◆ ACTIVITY ◆
In the data below, which lines hold "with"? Copy every one.

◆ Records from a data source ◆
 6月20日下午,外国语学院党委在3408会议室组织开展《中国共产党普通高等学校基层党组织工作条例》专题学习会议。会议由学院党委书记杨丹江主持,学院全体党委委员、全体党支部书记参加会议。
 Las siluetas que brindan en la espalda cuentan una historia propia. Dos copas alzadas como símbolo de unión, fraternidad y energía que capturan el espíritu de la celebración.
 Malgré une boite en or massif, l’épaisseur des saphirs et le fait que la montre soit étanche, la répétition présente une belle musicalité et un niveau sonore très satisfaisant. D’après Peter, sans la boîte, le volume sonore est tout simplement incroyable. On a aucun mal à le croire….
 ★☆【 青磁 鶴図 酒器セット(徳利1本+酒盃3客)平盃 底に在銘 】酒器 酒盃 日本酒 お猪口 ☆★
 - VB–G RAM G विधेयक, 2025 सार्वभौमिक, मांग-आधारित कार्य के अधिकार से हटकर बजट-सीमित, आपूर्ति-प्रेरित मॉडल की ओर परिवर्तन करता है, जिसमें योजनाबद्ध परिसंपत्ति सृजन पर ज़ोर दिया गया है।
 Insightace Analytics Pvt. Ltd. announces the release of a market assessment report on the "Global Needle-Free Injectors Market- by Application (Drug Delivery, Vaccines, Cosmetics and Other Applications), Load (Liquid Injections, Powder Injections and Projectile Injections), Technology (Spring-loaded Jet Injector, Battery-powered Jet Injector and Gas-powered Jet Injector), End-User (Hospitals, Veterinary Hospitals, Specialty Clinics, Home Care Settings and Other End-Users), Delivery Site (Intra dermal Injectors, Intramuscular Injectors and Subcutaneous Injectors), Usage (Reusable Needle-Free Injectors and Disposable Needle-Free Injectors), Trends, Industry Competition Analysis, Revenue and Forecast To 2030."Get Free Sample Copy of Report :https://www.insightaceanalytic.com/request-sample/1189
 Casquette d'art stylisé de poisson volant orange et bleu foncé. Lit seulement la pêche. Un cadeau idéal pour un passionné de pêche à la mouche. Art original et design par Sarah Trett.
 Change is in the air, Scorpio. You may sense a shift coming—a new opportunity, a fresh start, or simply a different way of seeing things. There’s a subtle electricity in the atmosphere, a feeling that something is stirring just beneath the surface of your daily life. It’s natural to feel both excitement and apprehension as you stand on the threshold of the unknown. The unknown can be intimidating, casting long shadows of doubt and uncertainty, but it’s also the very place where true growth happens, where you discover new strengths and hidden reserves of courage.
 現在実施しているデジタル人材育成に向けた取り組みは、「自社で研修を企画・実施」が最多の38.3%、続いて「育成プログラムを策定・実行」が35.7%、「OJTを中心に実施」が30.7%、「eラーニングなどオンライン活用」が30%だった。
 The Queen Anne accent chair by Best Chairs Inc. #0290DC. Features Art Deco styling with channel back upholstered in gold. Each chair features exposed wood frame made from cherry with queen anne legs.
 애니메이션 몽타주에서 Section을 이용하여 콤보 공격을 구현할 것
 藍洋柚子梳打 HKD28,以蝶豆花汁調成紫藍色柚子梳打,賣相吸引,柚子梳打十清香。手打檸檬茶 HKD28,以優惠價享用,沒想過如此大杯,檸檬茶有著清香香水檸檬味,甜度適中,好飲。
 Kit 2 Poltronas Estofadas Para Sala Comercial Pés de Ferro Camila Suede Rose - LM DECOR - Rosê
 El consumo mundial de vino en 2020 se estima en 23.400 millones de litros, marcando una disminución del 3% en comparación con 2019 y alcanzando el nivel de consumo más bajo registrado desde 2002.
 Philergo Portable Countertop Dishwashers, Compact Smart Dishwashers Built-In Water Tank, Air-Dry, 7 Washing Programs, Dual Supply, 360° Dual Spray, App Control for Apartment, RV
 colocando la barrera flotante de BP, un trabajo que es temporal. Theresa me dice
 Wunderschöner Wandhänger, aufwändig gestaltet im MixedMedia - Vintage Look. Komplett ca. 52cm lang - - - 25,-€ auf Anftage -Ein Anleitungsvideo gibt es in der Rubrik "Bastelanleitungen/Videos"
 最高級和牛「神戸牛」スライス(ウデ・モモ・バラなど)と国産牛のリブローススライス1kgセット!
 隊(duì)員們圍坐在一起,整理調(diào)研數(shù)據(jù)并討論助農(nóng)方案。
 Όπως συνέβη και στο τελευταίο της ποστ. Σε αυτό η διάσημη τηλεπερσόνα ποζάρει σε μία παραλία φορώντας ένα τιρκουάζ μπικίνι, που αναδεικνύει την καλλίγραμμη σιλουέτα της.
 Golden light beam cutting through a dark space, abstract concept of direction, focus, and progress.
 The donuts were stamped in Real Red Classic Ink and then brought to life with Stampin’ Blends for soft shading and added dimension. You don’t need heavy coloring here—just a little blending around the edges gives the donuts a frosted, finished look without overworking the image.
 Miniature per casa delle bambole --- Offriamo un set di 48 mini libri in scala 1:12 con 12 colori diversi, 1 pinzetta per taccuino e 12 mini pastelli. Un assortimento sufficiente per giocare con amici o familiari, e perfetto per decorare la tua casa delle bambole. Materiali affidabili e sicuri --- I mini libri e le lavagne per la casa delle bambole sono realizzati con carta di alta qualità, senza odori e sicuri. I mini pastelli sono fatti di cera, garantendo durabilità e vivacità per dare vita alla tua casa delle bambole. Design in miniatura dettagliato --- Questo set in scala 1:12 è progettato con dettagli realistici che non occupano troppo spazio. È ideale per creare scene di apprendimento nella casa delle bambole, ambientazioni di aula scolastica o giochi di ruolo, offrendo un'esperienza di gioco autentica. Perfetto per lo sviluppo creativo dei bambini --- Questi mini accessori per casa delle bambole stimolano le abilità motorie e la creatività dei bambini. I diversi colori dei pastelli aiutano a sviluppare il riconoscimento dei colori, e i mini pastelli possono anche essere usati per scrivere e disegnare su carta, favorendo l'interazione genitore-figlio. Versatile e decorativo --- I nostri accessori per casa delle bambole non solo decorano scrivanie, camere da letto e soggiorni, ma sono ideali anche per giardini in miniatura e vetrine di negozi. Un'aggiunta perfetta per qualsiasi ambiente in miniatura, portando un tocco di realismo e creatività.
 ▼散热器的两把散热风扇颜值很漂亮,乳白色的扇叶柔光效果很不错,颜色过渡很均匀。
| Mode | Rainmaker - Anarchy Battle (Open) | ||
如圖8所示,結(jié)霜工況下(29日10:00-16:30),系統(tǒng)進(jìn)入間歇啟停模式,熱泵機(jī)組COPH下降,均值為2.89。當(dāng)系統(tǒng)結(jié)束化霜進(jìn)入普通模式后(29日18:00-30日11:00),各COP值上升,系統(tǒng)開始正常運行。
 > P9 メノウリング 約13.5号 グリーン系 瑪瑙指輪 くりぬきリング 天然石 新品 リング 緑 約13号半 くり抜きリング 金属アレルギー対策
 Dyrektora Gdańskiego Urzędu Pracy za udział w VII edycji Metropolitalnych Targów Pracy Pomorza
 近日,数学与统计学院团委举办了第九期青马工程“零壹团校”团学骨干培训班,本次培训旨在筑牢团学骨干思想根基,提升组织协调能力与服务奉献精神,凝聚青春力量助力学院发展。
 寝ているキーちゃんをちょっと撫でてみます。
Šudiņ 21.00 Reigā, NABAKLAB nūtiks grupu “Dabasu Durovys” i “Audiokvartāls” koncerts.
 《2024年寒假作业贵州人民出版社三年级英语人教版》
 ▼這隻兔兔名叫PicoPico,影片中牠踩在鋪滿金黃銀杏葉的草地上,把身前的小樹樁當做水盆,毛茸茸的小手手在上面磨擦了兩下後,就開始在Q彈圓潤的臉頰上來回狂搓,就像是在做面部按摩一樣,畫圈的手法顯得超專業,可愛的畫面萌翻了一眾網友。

◆ SOLUTION FOR THIS TASK ◆
 The Queen Anne accent chair by Best Chairs Inc. #0290DC. Features Art Deco styling with channel back upholstered in gold. Each chair features exposed wood frame made from cherry with queen anne legs.
 The donuts were stamped in Real Red Classic Ink and then brought to life with Stampin’ Blends for soft shading and added dimension. You don’t need heavy coloring here—just a little blending around the edges gives the donuts a frosted, finished look without overworking the image.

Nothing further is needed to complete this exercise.